Personal information
- Born: Dominic Isabel Barona Matute 10 February 1991 (age 35) Montañita, Ecuador

Surfing career
- Sport: Surfing

Medal record
Women's Surfing
Representing Ecuador
Bolivarian Games
| Gold medal – first place | 2013 Trujillo | open |
| Gold medal – first place | 2016 Iquique | open shortboard |
Pan American Games
| Silver medal – second place | 2019 Lima | open surf |

= Mimi Barona =

Ecuadorian surfer (born 1991)

Dominic Isabel Barona Matute (born 10 February 1991) is an Ecuadorian surfer. She is regarded as one of the prominent surfers in Ecuador. Her brother Israel Barona is also a surfer who represents Ecuador at international level. She is the first surfer from Ecuador to have competed at the Olympics.

== Career ==
Barona pursued her interest in surfing at the age of 13 after being influenced by her older brother Israel. Little by little, she began to follow the Alas circuit in Peru, then in Costa Rica and Panama. In 2014, she claimed second place at the ISA 50TH World Surfing Games which was held in Punta Rocas, Peru. In this event, Mimi achieved the highest score in a round in the history of the event. However, Peruvian surfer Analí Gómez clinched victory with a score of 12.86 while Mimi finished with the score of 12.53.

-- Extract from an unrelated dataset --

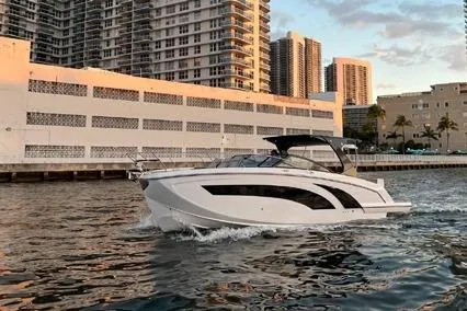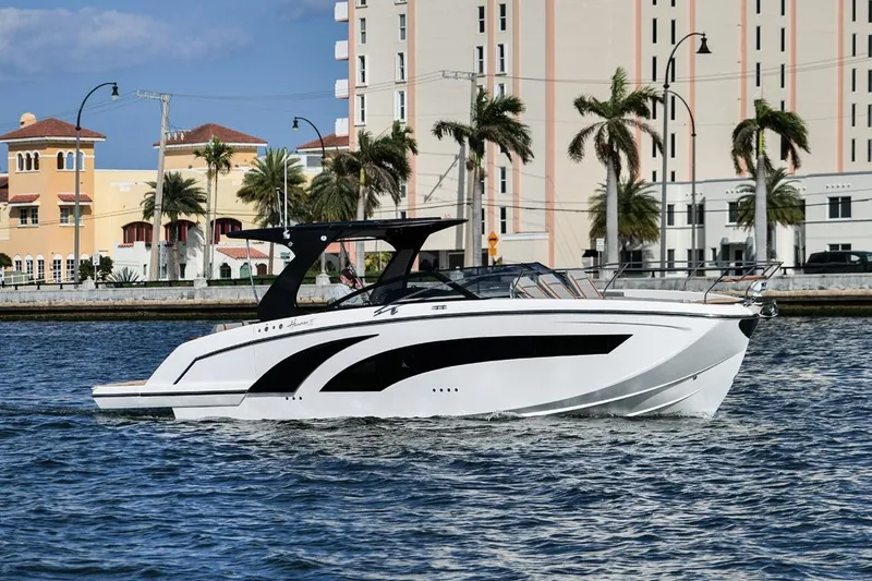 The 377 White balances open-air day boating with genuine overnight comfort. Synthetic-teak decks flow from the bow lounge to the wide swim platform, where a pair of platform stools and a stainless grill turn the transom into a social hub. An electric sunroof opens the cockpit to sky and breeze, while underwater lights set the mood after sunset. Below, the cabin adds a 12,000 BTU A/C, 24″ TV/Blu-ray, induction cooktop, 80 L refrigerator and hot-water system to make weekends aboard easy.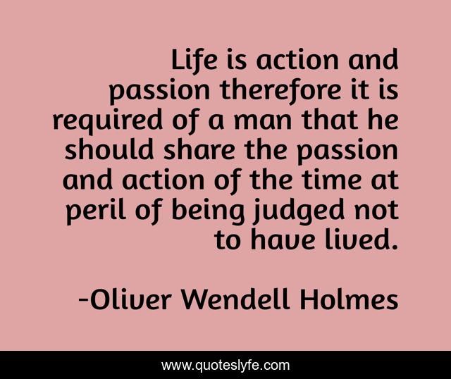 This page presents the quote "Life is action and passion therefore it is required of a man that he should share the passion and action of the time at peril of being judged not to have lived.". Author of this quote is Oliver Wendell Holmes. .

Dominic was the flagbearer for Ecuador during the 2016 Bolivarian Beach Games and also claimed a gold medal in the women's open shortboard event during the 2016 Bolivarian Games. She became the South American champion of the World Surf League in 2018 with a total score of 4,310 followed by Melanie Giunia of Peru who had a final score of 3,260 units. She also emerged as the winner of the 2019 Corona Pro Surf Circuit, organized by the National Surf Organization in Puerto Rico.

She represented Ecuador at the 2019 Pan American Games and secured a silver medal in the women's open surf whereas Daniella Rosas of Peru clinched the gold medal. She also notably became the first Ecuadorian surfer to win a medal in surfing at the Pan American Games. She also qualified to compete at the 2020 Summer Olympics where surfing was included for the first time in Olympics.

She preferred to compete at the 2019 Pan American Games over the World Surf League tour events despite the WSL tour events were also considered as Olympic qualifying events. However, she was eligible to compete at the delayed 2020 Tokyo Olympics following her medal success at the 2019 Pan American Games. She represented Ecuador at the 2020 Summer Olympics which also marked her debut appearance at the Olympics. She was also the only Ecuadorian surfer to participate at the 2020 Summer Olympics. She was eliminated from the round 2 of the women's shortboard event.